Srinagar: The Pradhan Mantri Janaushadhi Pariyojana, a Government of India scheme to open affordable drug stores for poor patients, is facing strong opposition from the influential nexus of doctors and pharmaceutical companies in Jammu and Kashmir.
According to official sources, the pharma-doctor nexus, run by some private pharmaceutical companies in connivance with doctors and government officials, has consistently hampered the Pradhan Mantri Janaushadhi Pariyojana (PMBJP).
“There has been a strong lobby working against the implementation of the PMBJP, which promotes use of low-cost generic drugs through Jan Aushadhi drug stores in different hospitals,” they said.
An official at Government Medical College (GMC) Srinagar told Kashmir Reader that the drug mafia has managed to shut down fair-price medicine shops and Jan Aushadhi stores with the support of corrupt officials in the Health and Medical Education (H&ME) department.
“Now they are trying to sabotage the scheme again, as private pharmaceutical companies don’t want their lucrative business to suffer,” the official said.
He said the mafia has already forced closure of three fair-price shops in GMC’s associated hospitals, including SMHS Hospital and GB Pant Hospital.
“The proposal to open more shops was also opposed by a group of doctors, who cited some reports of lack of efficacy in generic drugs,” the official claimed.
As per patients and their attendants, doctors are opposing the scheme to please pharma companies and the drug mafia who give them freebies and shares in profit.
The absence of drug stores in hospitals is giving a tough time to attendants and putting patients at risk, they said.
“We are facing huge inconvenience in the absence of Jan Aushadhi stores that sell low-cost medicines,” said Hakeem Rouf, attendant of a patient at SMHS Hospital.
Another attendant, Arif Rasool, said he was forced to travel to Dalgate and Gogji Bagh to buy affordable medicines for his daughter, who is undergoing treatment at GB Pant hospital.
Earlier, the JADS project of the H&ME department was assigned to the Indian Red Cross Society (IRCS) for opening fair-price shops in a phased manner. In the first phase, six fair-price shops were taken up in the state, two each in Kashmir and Jammu, one each in Leh and Kargil. However, these shops were shut as these would always run out of stock.
Sources told Kashmir Reader that some doctors were not in favour of opening fair-price shops and had created a negative perception about them.

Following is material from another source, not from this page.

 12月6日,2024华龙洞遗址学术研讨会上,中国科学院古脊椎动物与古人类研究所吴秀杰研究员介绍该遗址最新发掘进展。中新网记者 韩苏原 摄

However, doctors alleged that these stores had failed to attract people because they were not stocked adequately and people were forced to return empty-handed.
“People feel that it is pointless to go to these stores because most of the medicines are unavailable,” said a doctor at SMHS Hospital.

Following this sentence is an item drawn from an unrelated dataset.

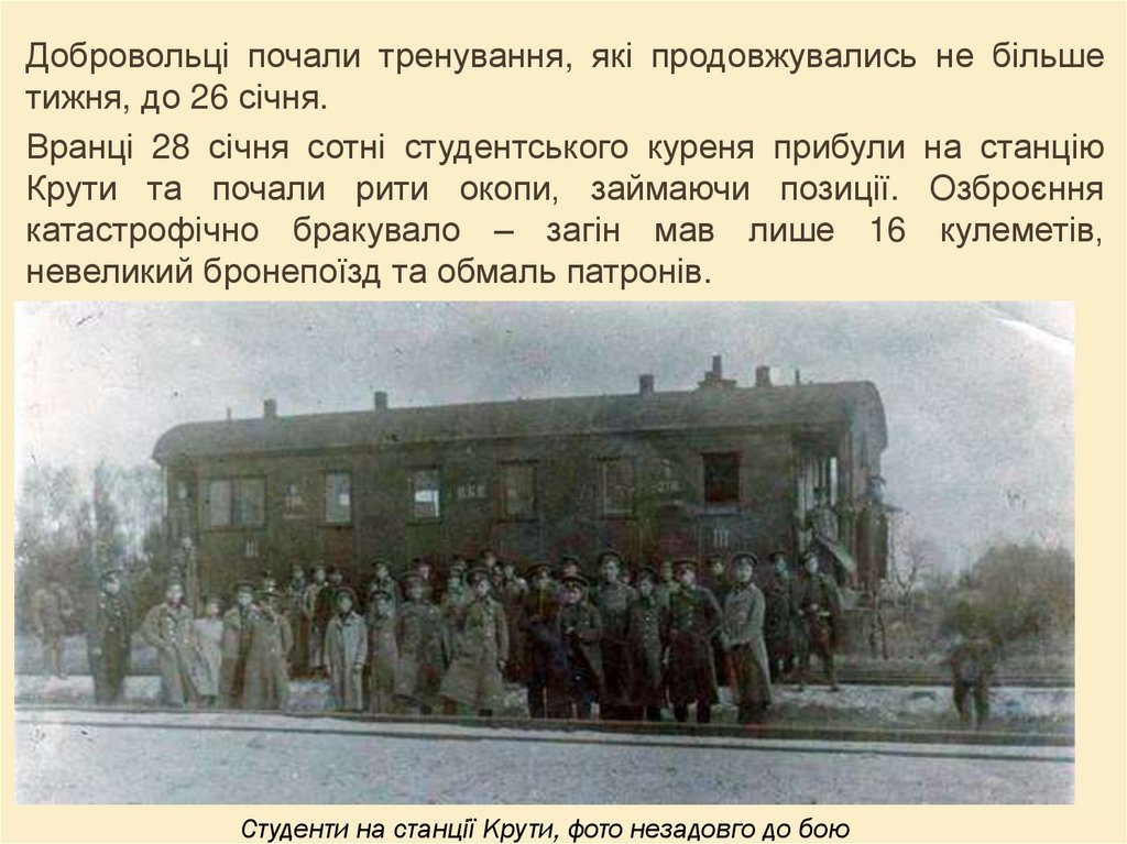 Вранці 28 січня сотні студентського куреня прибули на станцію

The Union Health Ministry on many occasions has asked the state government to direct hospitals to popularise generic drugs through JADS. “It was to abolish the current system of drug procurement and shift to generic medicine,” said a source.
But, sources said, the state government did not heed the repeated reminders from the ministry.
Nodal Officer for PMBJP in J&K, Rifat Nazir, admitted that the scheme had failed so far. However, she said, the doctor-pharma nexus will not impact the scheme now.
“Government of India and Bureau of Pharma PSUs of India has changed the plan of its implementation. They have decided to issue approval to private players rather than to NGOs and government hospitals only,” she said.
She said at present there are 55 Jan Aushadhi stores running in Jammu and Kashmir.
“We will cross 100 stores till June this year because there is huge demand from the public now. It will automatically put every opposition to rest,” she said.